• EXERCISE PROMPT: Write out the entire listing below exactly as it appears, minus any pictures.

• DATA EXTRACTS:
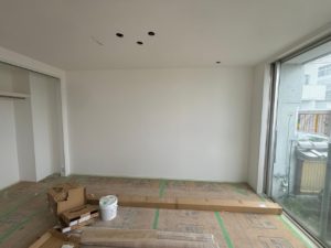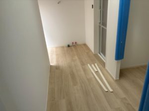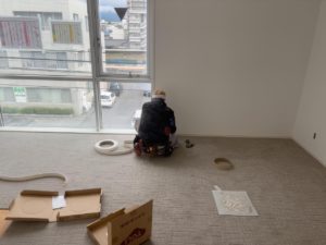 お盆明けから少しは凌ぎやすくなりました。 海老園のF様邸の改装工事また始まりました。 本日は3階の寝室カーペット貼と洗面所のビニールタイル貼りをやっています。
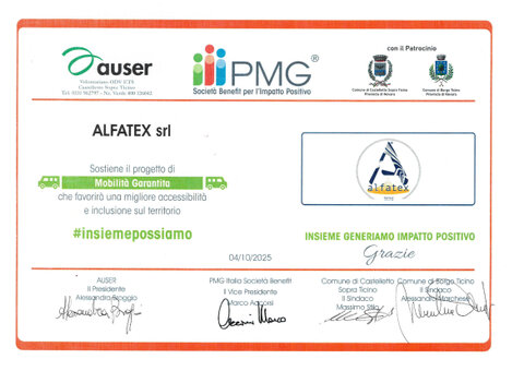 ALFATEX sostiene il progetto di "Mobilità Garantita" che favorirà una migliore accessibilità e inclusione sul territorio di Borgo Ticino e Castelletto Sopra Ticino. Dal 11/10/2025 è stato attivato un nuovo mezzo per il trasporto disabili.
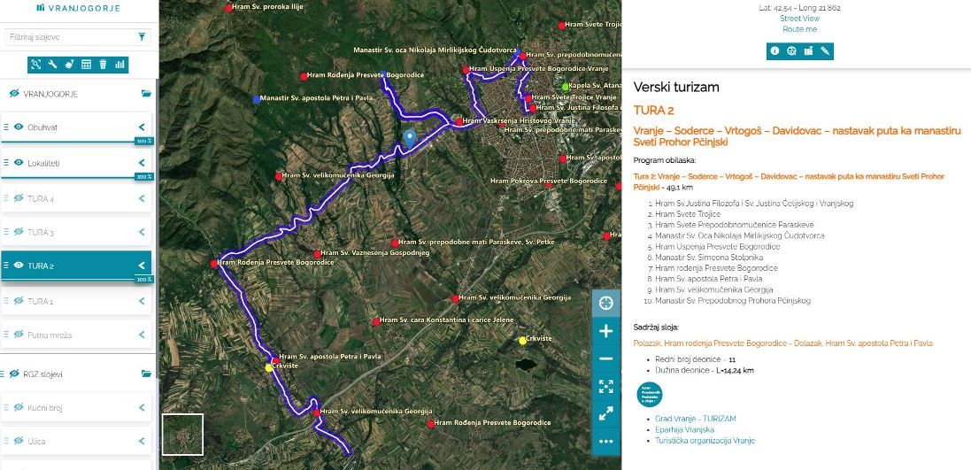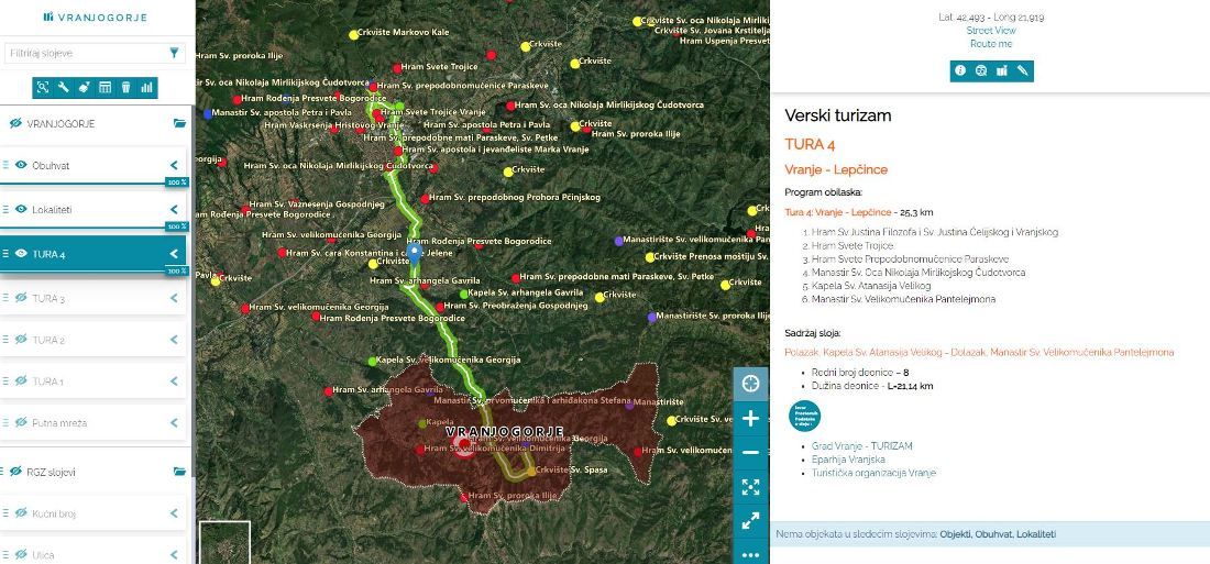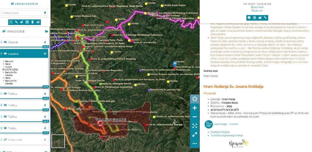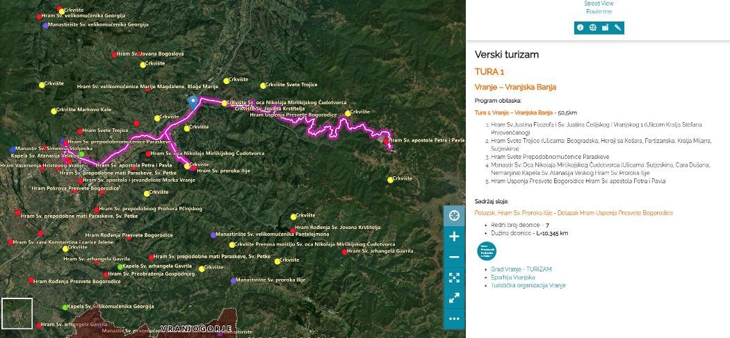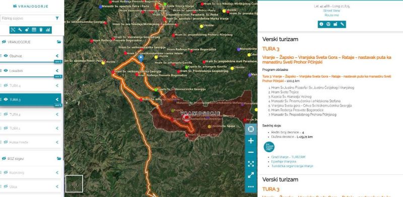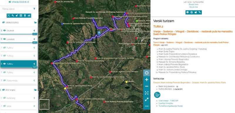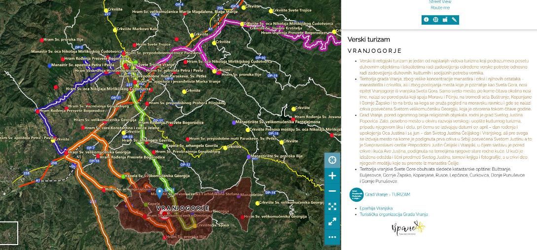 Putem GIS Vranje GeoPortala možete lako pretraživati i pregledavati prostorne podatke o verskom objektima na teritoriji grada. Njihovim mapiranjem ali i povezivanjem, formirane su ture koje predstavljaju osnovu za razvoj verskog turizma Vranja, kao područja sa velikom koncentracijom crkvi, manastira, crkvišta i manastirišta. Tematska karta takođe promoviše mesto koje je posebno naznačeno na karti kao Vranjogorje.
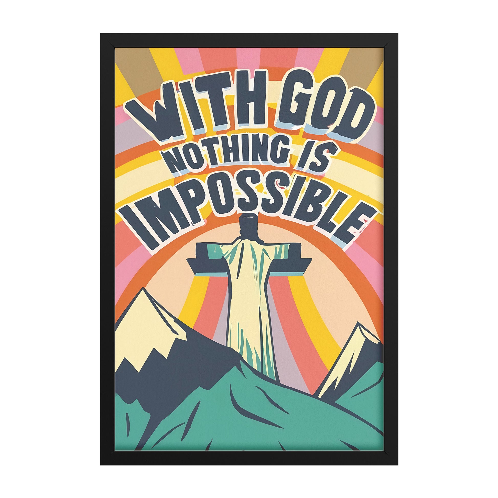 Hang this "With God Nothing Is Impossible Retro Style Framed Print" in your home, study, or any space where you seek daily inspiration and a reminder of the transformative possibilities that faith in God offers. Its nostalgic charm and profound message make it a cherished addition to any environment.
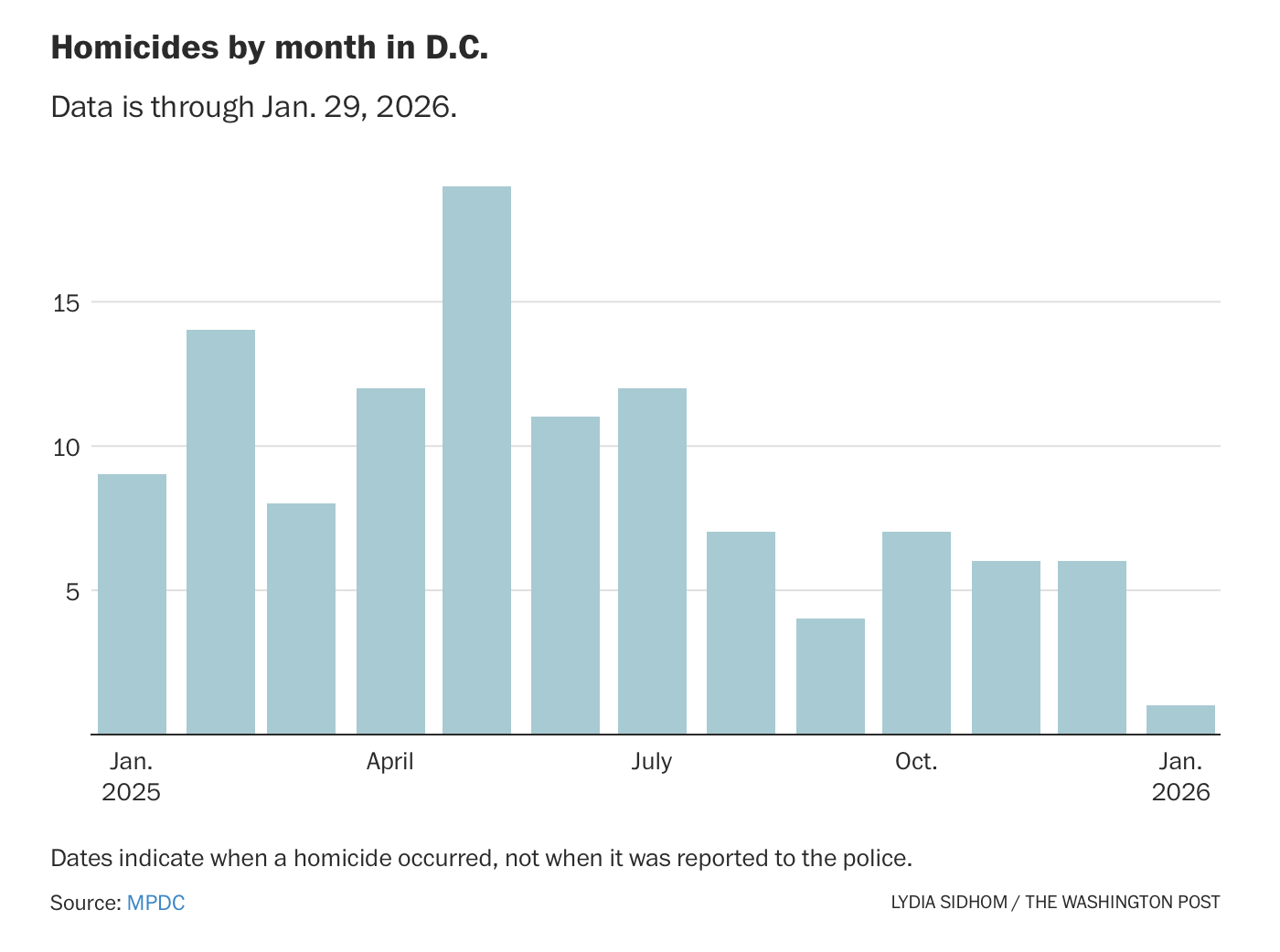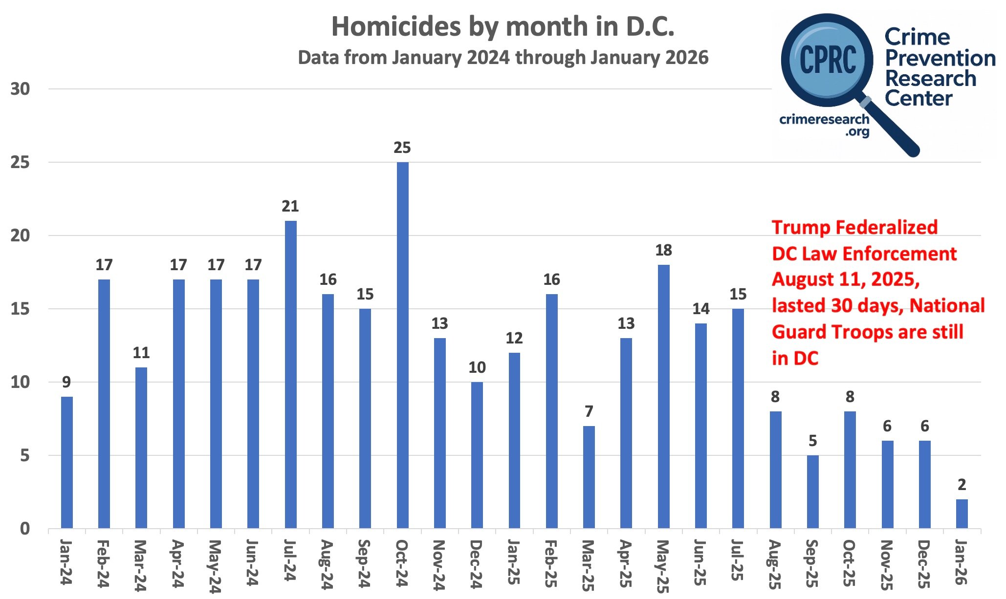 The Washington Post doesn’t really want to give President Trump credit for the drop in crime in DC. Please look at the graph above and notice that there was a discrete change in August and September 2025 (and the change only started about half way through August on the 11th). One important point is the homicide counts from CrimeDataDC differ from those shown in the Washington Post. For example, CrimeDataDC reports 14 homicides in June 2025 and 15 in July 2025, while the Post appears to show figures of 11 and 12, so they have done that to minimize the drop in August. Please check the data yourself.

• RESPONSE:
 お盆明けから少しは凌ぎやすくなりました。 海老園のF様邸の改装工事また始まりました。 本日は3階の寝室カーペット貼と洗面所のビニールタイル貼りをやっています。
 ALFATEX sostiene il progetto di "Mobilità Garantita" che favorirà una migliore accessibilità e inclusione sul territorio di Borgo Ticino e Castelletto Sopra Ticino. Dal 11/10/2025 è stato attivato un nuovo mezzo per il trasporto disabili.
 Putem GIS Vranje GeoPortala možete lako pretraživati i pregledavati prostorne podatke o verskom objektima na teritoriji grada. Njihovim mapiranjem ali i povezivanjem, formirane su ture koje predstavljaju osnovu za razvoj verskog turizma Vranja, kao područja sa velikom koncentracijom crkvi, manastira, crkvišta i manastirišta. Tematska karta takođe promoviše mesto koje je posebno naznačeno na karti kao Vranjogorje.
 Hang this "With God Nothing Is Impossible Retro Style Framed Print" in your home, study, or any space where you seek daily inspiration and a reminder of the transformative possibilities that faith in God offers. Its nostalgic charm and profound message make it a cherished addition to any environment.
 The Washington Post doesn’t really want to give President Trump credit for the drop in crime in DC. Please look at the graph above and notice that there was a discrete change in August and September 2025 (and the change only started about half way through August on the 11th). One important point is the homicide counts from CrimeDataDC differ from those shown in the Washington Post. For example, CrimeDataDC reports 14 homicides in June 2025 and 15 in July 2025, while the Post appears to show figures of 11 and 12, so they have done that to minimize the drop in August. Please check the data yourself.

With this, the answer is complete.